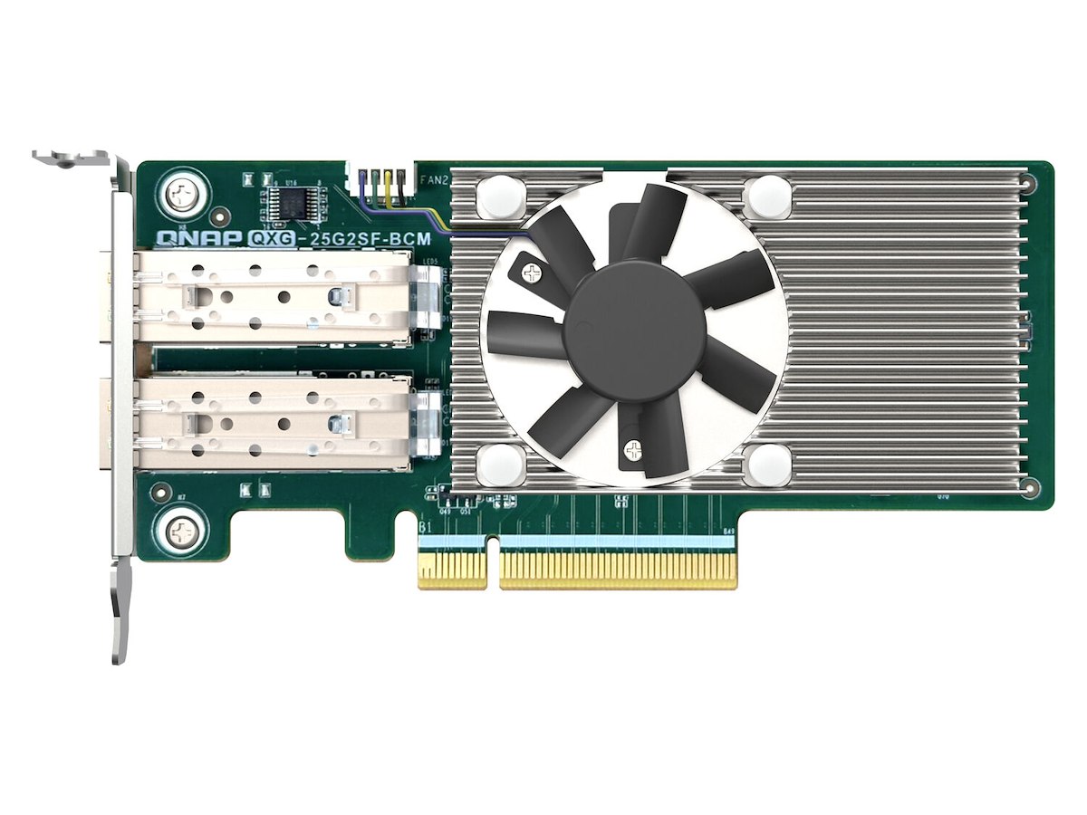 QNAP QXG-25G2SF-BCM. Intern. Forbindelsesteknologi: Ledningsført, Værtsgrænseflade: PCI Express, Grænseflade: Fiber. Maksimal dataoverførselshastighed: 25000 Mbit/s. Produktfarve: Sølv, Mørkegrøn
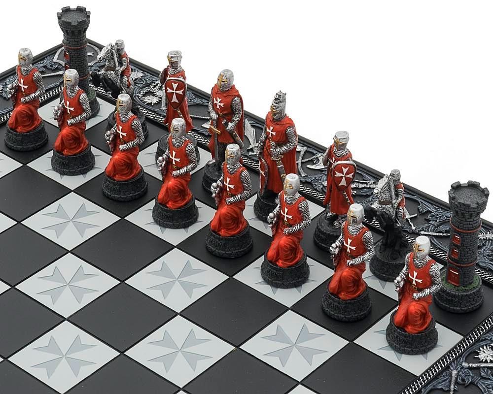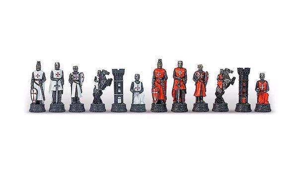 Schachensemble „Templer“ Schachbrett aus Kunstharz Geschnitzt und Schachfiguren aus Kunstharz Handbemalt
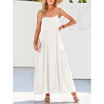 Show moreIntroducing the LCRRRN Women's Flowy Summer Dresses 2025, a stunning blend of comfort, style, and versatility that is perfect for the warm months ahead. This casual long sleeveless spaghetti strap dress features an asymmetric tiered design that enhances its flowy swing hem, ensuring you look effortlessly chic at any event. Made from high-quality 100% rayon, the fabric is not only soft but also breathable, making it an ideal choice for hot summer days. With adjustable spaghetti straps, you can customize the fit to your liking, adding both style and personal flair to your outfit. Its loose fit strikes the right balance between stylish and casual, allowing you to seamlessly transition from a day at the beach to an evening out.

+-------+

• Task prompt:
Please print the data above once more, exactly and without images.

• Answer box:
 QNAP QXG-25G2SF-BCM. Intern. Forbindelsesteknologi: Ledningsført, Værtsgrænseflade: PCI Express, Grænseflade: Fiber. Maksimal dataoverførselshastighed: 25000 Mbit/s. Produktfarve: Sølv, Mørkegrøn
 Schachensemble „Templer“ Schachbrett aus Kunstharz Geschnitzt und Schachfiguren aus Kunstharz Handbemalt
 Show moreIntroducing the LCRRRN Women's Flowy Summer Dresses 2025, a stunning blend of comfort, style, and versatility that is perfect for the warm months ahead. This casual long sleeveless spaghetti strap dress features an asymmetric tiered design that enhances its flowy swing hem, ensuring you look effortlessly chic at any event. Made from high-quality 100% rayon, the fabric is not only soft but also breathable, making it an ideal choice for hot summer days. With adjustable spaghetti straps, you can customize the fit to your liking, adding both style and personal flair to your outfit. Its loose fit strikes the right balance between stylish and casual, allowing you to seamlessly transition from a day at the beach to an evening out.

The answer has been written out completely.